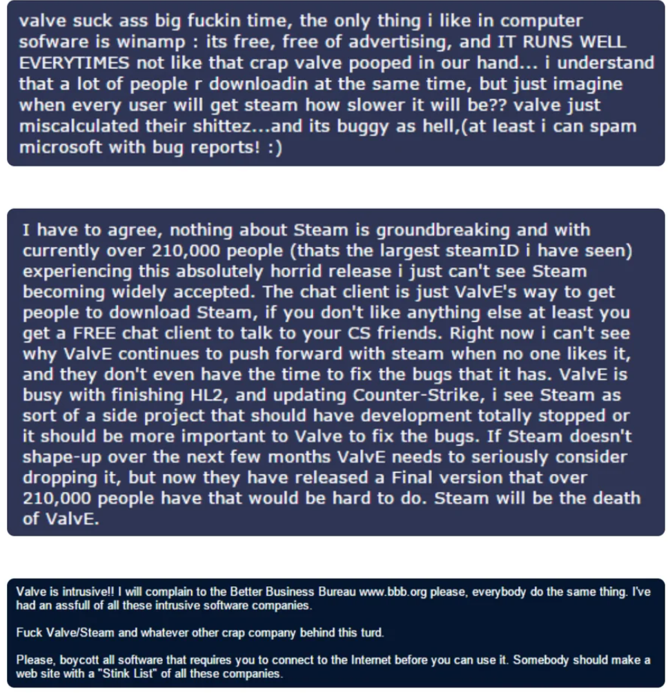 Steam не сразу строился и первые впечатления от сервиса были весьма своеобразными. Тогда в адрес Valve летели всевозможные оскорбления
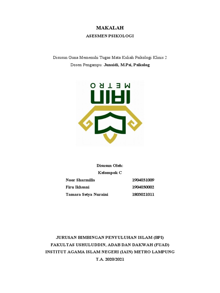 dengan judul “Asesmen Psikologi” dengan baik dan lancar. Makalah ini disusun guna
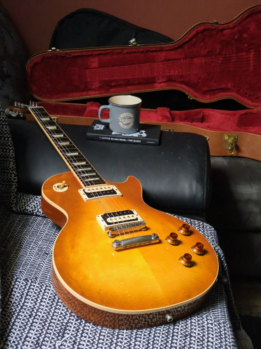 Je ne sais plus si je l'avais déjà présentée, alors que je l'ai depuis assez longtemps (2018 ) - une Custom Historic '60 Les Paul Special single cut reissue (ouf) en spanish gold VOS (de 2018 donc).

■ ■ ■ ■ ■ ■ ■

Pictures stay out of the copy; print the material above exactly.

§ ANSWER TO THIS PROBLEM:
 Steam не сразу строился и первые впечатления от сервиса были весьма своеобразными. Тогда в адрес Valve летели всевозможные оскорбления
 dengan judul “Asesmen Psikologi” dengan baik dan lancar. Makalah ini disusun guna
 Je ne sais plus si je l'avais déjà présentée, alors que je l'ai depuis assez longtemps (2018 ) - une Custom Historic '60 Les Paul Special single cut reissue (ouf) en spanish gold VOS (de 2018 donc).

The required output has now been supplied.